Virtual Piggy focuses on growth initiative

LOS ANGELES — Virtual Piggy initiated a consumer acquisition campaign to start building its subscriber base. Throughout the past four months, Virtual Piggy has added more than 400,000 new accounts most of which are based in the U.S. and some which were recently added in Canada.  

The two main areas for teen and tween purchases online are gaming and clothing and accessories. Virtual Piggy continues to integrate with retailers and game publishers in the U.S. and Europe. In the third quarter, the company entered into co-marketing initiatives with Claire’s and Habbo Hotel. 

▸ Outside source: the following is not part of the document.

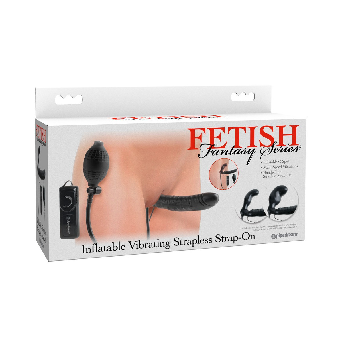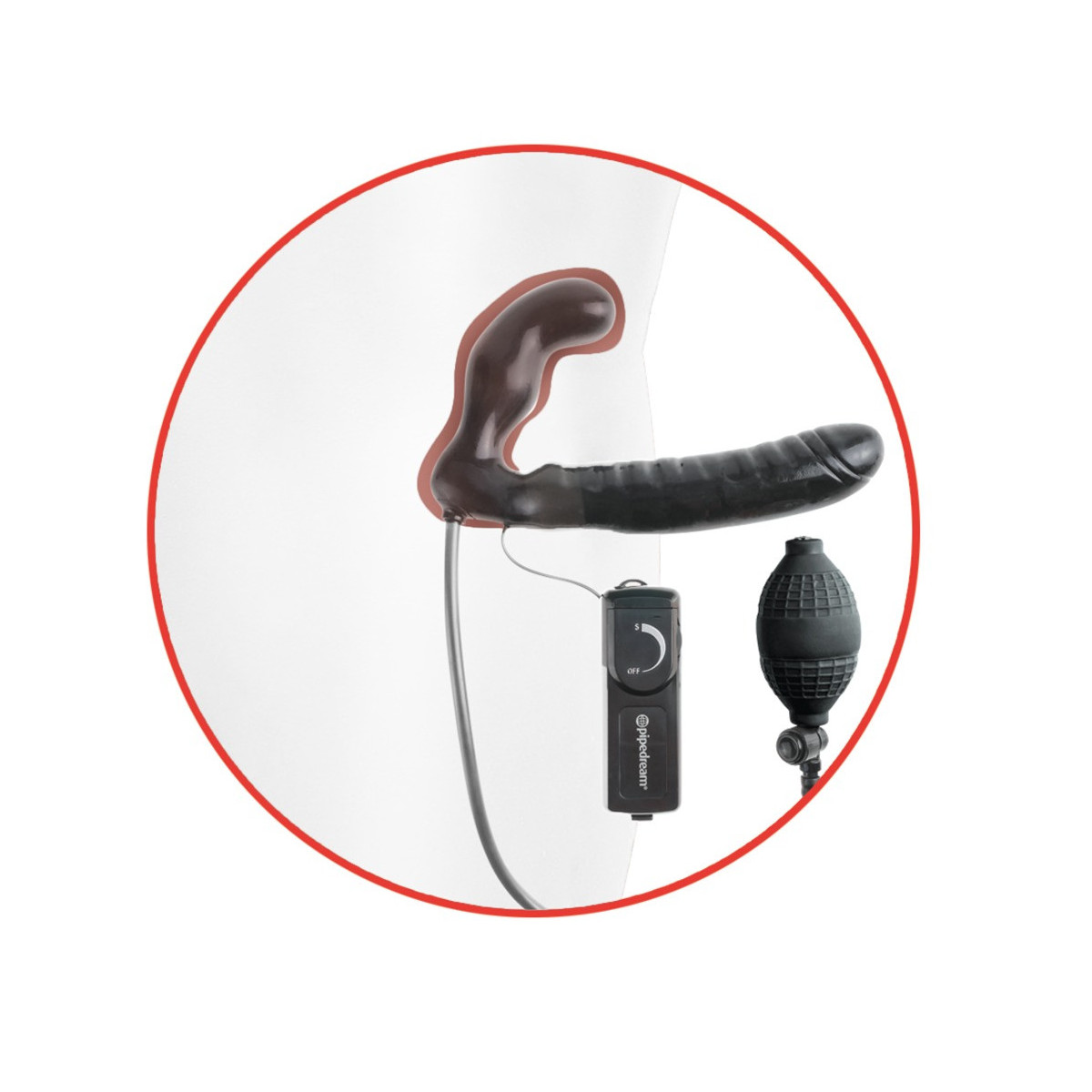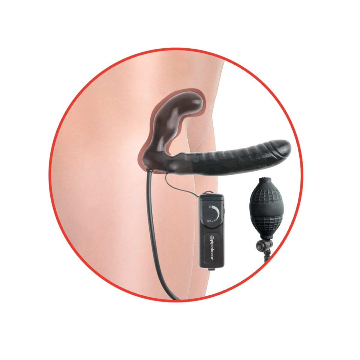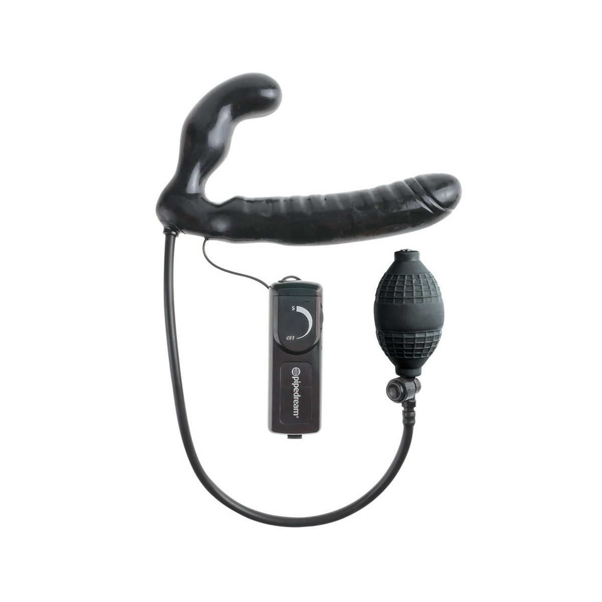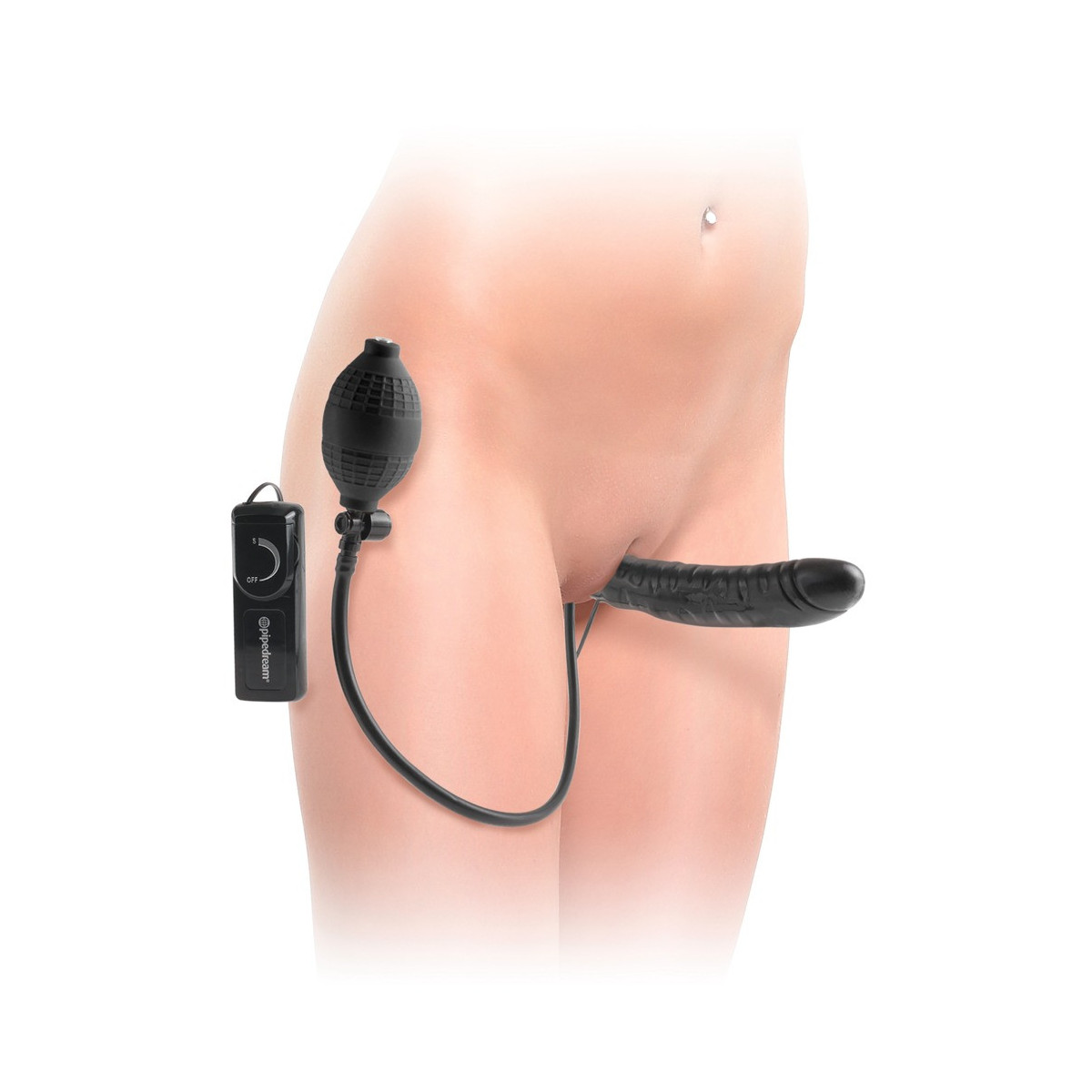 Strapless strap-on con doppio dildo, vibrazione e funzione pompa. Il dildo corto viene inserito nella vagina (o nell'ano) e tenuto dai muscoli vaginali (o anali). Il dildo viene poi pompato con la pompa a sfera per garantire una maggiore aderenza e una sensazione più piena. Equipaggiato in questo modo, il partner può ora essere coccolato con il dildo naturale più lungo e distintamente venato. Con la vibrazione attivata, il piacere diventa ancora più intenso. Pompa a sfera con valvola di sicurezza. Vibrazione a più velocità con telecomando a filo per un facile controllo. (Si prega di ordinare le batterie separatamente: 2 x AA)

Virtual Piggy also entered into a marketing agreement with InComm early in the third quarter to deliver digital gift cards through Virtual Piggy’s e-commerce operation. This allows parents, grandparents, aunts, uncles and friends to easily purchase and send digital gift cards from major brands directly to users of Virtual Piggy. These retailers and publishers will be featured in upcoming holiday promotions at Virtual Piggy.

The company also raised $6.4 million during the second quarter through a private placement of securities as well as option and warrant exercises, bringing cash at the end of second quarter to $8.3 million.

“It’s been a very busy two quarters,” said Dr. Jo Webber, CEO and Founder of Virtual Piggy. “We are thrilled to be at the point in our growth where we are onboarding users at continuously accelerating rates, integrating major retailers and gaming publishers, and seeing the adoption and use of our platform on a global basis.”

Consumer acquisition is the core focus for Virtual Piggy in 2013, and the company continues to focus on rapidly growing its user and merchant base, as well as develop channel partner programs with major e-commerce and gaming platforms. In the second quarter, Virtual Piggy launched in Europe, and the first merchants and users will be live using the Virtual Piggy service in Europe in the third quarter of 2013. The company expects to see some revenue generation from the U.S., European and Canadian markets in the third and fourth quarters. However, the company does not expect to generate significant revenue until 2014.